Barbara Olson, The Cap Times, Jun 11, 2017
Palestinian workers wait to cross the Israeli checkpoint of Al-Jalameh, south of the West Bank city of Jenin, on their way to work in Israel May 1, 2014. (AP Photo/Mohammed Ballas)
June 2017 marks 50 years of Israeli military occupation of Palestinians in the West Bank, Gaza Strip and East Jerusalem. In 1967, in open defiance of international law prohibiting acquisition of territory by force, Israel began settling its own Jewish population on occupied Palestinian land, seizing large swathes of the most valuable, fertile and resource-rich areas.
For 50 years this dispossession has been enforced by a violent regime of military occupation, a regime that has expanded and deepened until many argue that it now meets or exceeds the legal definition of apartheid — a system of laws, institutions and practices that treat people differently based on race, ethnicity, nationality or religion.
For the last 70 years, Israel has also denied millions of Palestinian refugees their right under international law to return to the homes and properties from which they were ethnically cleansed from 1947 onward. In contrast, Israel’s “Law of Return” gives automatic citizenship rights to any Jewish person from anywhere in the world.
Those Palestinians who refused to flee after the Israeli state was declared in 1948 spent years living under martial law before gaining Israeli citizenship. Now making up at least 20 percent of Israel’s population, they face dozens of discriminatory laws that privilege Israeli Jews.
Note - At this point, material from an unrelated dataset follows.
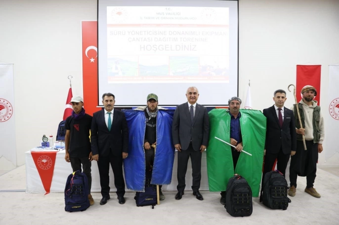 Muş'ta yürütülen 'Sürü Yöneticisine Donanımlı Ekipman Çantası Temini Projesi' kapsamında 400 çobana ekipman çantası dağıtıldı. Muş İl Tarım ve Orman Müdürlüğü konferans salonunda gerçekleştirilen tören, saygı duruşu ve İstiklal Marşı'nın okunmasıyla başladı.

A special mention must be made of Gaza. While Israeli soldiers and settlements were withdrawn in 2005, Israel exercises “effective control” over Gaza’s borders, coastal waters and airspace, making it the occupying power under international law. For 10 years it has enforced a suffocating and deadly blockade of Gaza, condemned by the UN as an inhumane act of collective punishment of nearly 2 million civilians, half of them children. Devastating Israeli military assaults in 2008-09, 2012 and 2014 killed thousands of civilians and deliberately destroyed Gaza’s civilian infrastructure.
U.S. political, military and financial support makes this possible. Republican and Democratic administrations have given lip service to the establishment of a Palestinian state in the West Bank and Gaza Strip, calling the settlements and occupation “obstacles to peace.” In reality, they envision not two equal states side by side, but disconnected, fragmented and nonviable “Bantustans” for Palestinians under permanent Israeli control.
Meanwhile, the U.S. is underwriting Israel’s abuses of Palestinians and the massive expansion of the Jewish-only settlements that long ago killed the possibility for any two-state solution. U.S. taxpayers already give Israel more than $3 billion in weapons like F-16 (and now F-35) fighter jets, Apache helicopter gunships, Caterpillar bulldozers, the Iron Dome, and more each year. This was before President Obama agreed to give Israel another $38 billion in weapons over the next decade. And before the election of Donald Trump, who has enthusiastically aligned himself with Netanyahu and the most racist and militaristic elements of Israeli society.
As Trump recently — at least temporarily — backed off on his campaign pledge to move the U.S. embassy from Tel Aviv to Jerusalem, Senate Democrats, including progressives Tammy Baldwin and Bernie Sanders, joined Republicans to unanimously call for just that.
While such congressional efforts to make the Israel lobby happy go back many decades, no president has yet chosen to inflame tensions in the region by legitimizing Israel’s East Jerusalem occupation and mistreatment of Palestinians in this way.
Sen. Baldwin actually joined Mitch McConnell in co-sponsoring the resolution, which as U.S. Campaign for Palestinian Rights policy director Josh Ruebner pointed out also “celebrates a half century of Israeli military occupation of East Jerusalem while ignoring Israel’s violations of international law there and its separate-and-unequal regime which discriminates against Palestinian Jerusalemites.”
Rebecca Vilkomerson of Jewish Voice for Peace noted that “Jerusalem could not be more divided, physically, economically, socially and politically,” as Palestinians there face home demolitions, property seizures, collective punishment, and discrimination in residency rights and public resources.
One would think that true progressives would condemn rather than celebrate 50 years of military occupation, mass imprisonment, violent repression, property theft, and expulsions, and call for a just solution based on respect for international law, equality, justice and human rights. Clearly, both Baldwin and Sanders failed that test.
Barbara Olson is a member of the Madison-Rafah Sister City Project.